▶ **WHAT THIS TASK INVOLVES**: Here the job is to transcribe the data exactly while omitting the images.

(DATA SECTION begins)

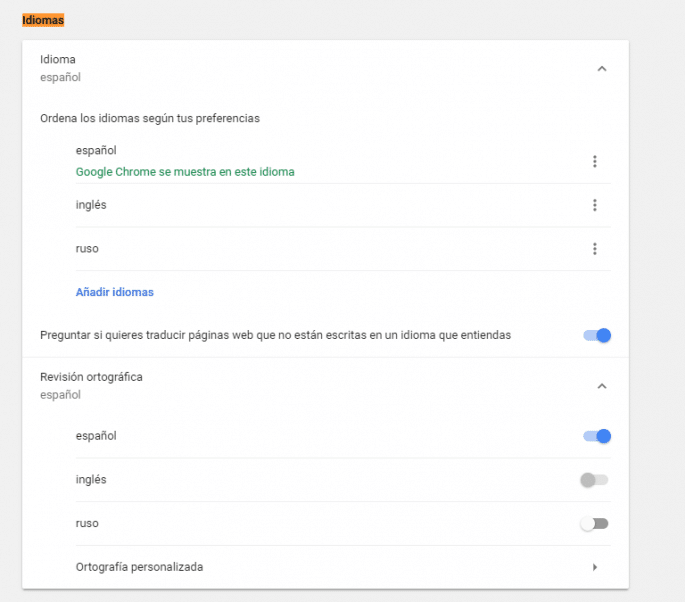 Una vez ahí, vamos abajo del todo y desplegamos las opciones avanzadas. Buscas el apartado «idiomas» y miras las diferentes opciones. Si no lo encuentras o eres vago… pulsa «F3» y escribe la palabra idiomas. Cuando lo hayas conseguido, activas opciones del siguiente apartado:
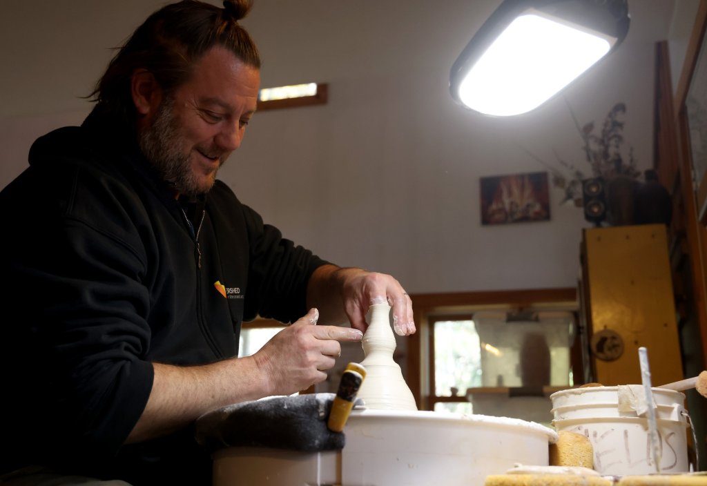 He said one of the things that makes him love making pottery is “a love for working with the earth in my hands” and the connection to the planet and nature that helps bring forward.
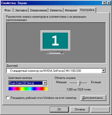 При щелчке на выпадающем списке пункта «Цветовая палитра» появится полный список поддерживаемых данной видеокартой количества цветов. Стандартные значения – 256 цветов, 16-битный цвет (65536 цветов), 32-битный цвет (4294967296 цветов). Единственного, пригодного на все случаи жизни совета по выбору режима палитры дать невозможно. Все зависит от типа задач, решаемых на данной машине. При профессиональной работе с цветными изображениями желателен максимальный режим (32 бита), при ориентации машины только на офисные приложения (Word, Excel и т.д.) возможна установка по минимуму вплоть до 256 цветов. В случае неверного отображения рисунков любой программой при минимальных установках рекомендуется выбор более высоких значений до получения удовлетворительного результата.

(DATA SECTION ends)

▶ **ANSWER BOX**:
 Una vez ahí, vamos abajo del todo y desplegamos las opciones avanzadas. Buscas el apartado «idiomas» y miras las diferentes opciones. Si no lo encuentras o eres vago… pulsa «F3» y escribe la palabra idiomas. Cuando lo hayas conseguido, activas opciones del siguiente apartado:
 He said one of the things that makes him love making pottery is “a love for working with the earth in my hands” and the connection to the planet and nature that helps bring forward.
 При щелчке на выпадающем списке пункта «Цветовая палитра» появится полный список поддерживаемых данной видеокартой количества цветов. Стандартные значения – 256 цветов, 16-битный цвет (65536 цветов), 32-битный цвет (4294967296 цветов). Единственного, пригодного на все случаи жизни совета по выбору режима палитры дать невозможно. Все зависит от типа задач, решаемых на данной машине. При профессиональной работе с цветными изображениями желателен максимальный режим (32 бита), при ориентации машины только на офисные приложения (Word, Excel и т.д.) возможна установка по минимуму вплоть до 256 цветов. В случае неверного отображения рисунков любой программой при минимальных установках рекомендуется выбор более высоких значений до получения удовлетворительного результата.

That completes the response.